Modern systems made this unnecessary:
Apache Flink, Kafka Streams, Spark Structured Streaming now provide:
Exactly-once semantics
Backfills
Stateful processing
Reprocessing and replay
Lakehouse architectures (Databricks, Snowflake Iceberg, BigQuery) enable:
Low-latency ingestion
Incremental processing
Reliable batch + streaming unification
This gave rise to the Kappa Architecture, where everything is streaming-first.
Most new architectures use:
Kappa Architecture
Delta Live Tables / Lakehouse streaming
Unified batch+streaming engines
Kappa Architecture: Streaming-First Data Systems Without the Complexity
Kappa Architecture emerged as a reaction to Lambda Architecture’s biggest flaw: two separate pipelines for the same data. Modern stream processors matured enough to make that duplication unnecessary. The idea behind Kappa is simple but powerful:
👉 Everything is a stream — even batch.
Instead of maintaining parallel batch and speed layers, Kappa uses a single streaming pipeline that can replay historical data whenever batch-like processing is needed.
The Core Idea
At the center of Kappa Architecture is the append-only event log — usually Kafka or a similar system. All data flows through it, and downstream processing engines treat the log as the single source of truth.
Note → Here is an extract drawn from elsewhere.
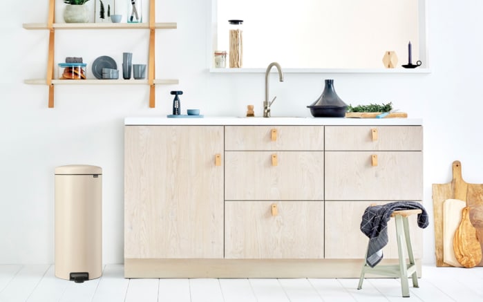 Der 30-Liter-Treteimer in beige besticht durch sein kultiges Design und ist zudem ein zuverlässiger Arbeiter.

Here’s the simplified flow:
Streaming Engine
Flink, Kafka Streams, Spark Structured Streaming
Applies transformations continuously
Maintains state with exactly-once guarantees
Reprocessing
No separate batch layer
To recompute historical results, simply rewind and replay the log
Same code, same pipeline → no drift, no duplication
Storage / Serving
Lakehouse tables (Delta, Iceberg, Hudi)
Online stores, materialized views, analytic tables
When Kappa Architecture Works Best
Real-time systems where streaming is the default
Event-driven pipelines
IoT, finance, clickstreams, telemetry, fraud detection
Teams that want a single code path rather than two
It especially shines when:
You want to replay historical data easily
You do frequent schema or pipeline changes
Your system already depends on Kafka as a source of truth
Pros
✔ One code path
No separate batch vs streaming logic. Less maintenance, fewer bugs, easier onboarding.
✔ Reprocessing is trivial
Just reset offsets or re-read the log. Ideal for evolving ML features, metrics, and analytics.
✔ Scales naturally
Streaming engines scale horizontally and handle high-throughput event data.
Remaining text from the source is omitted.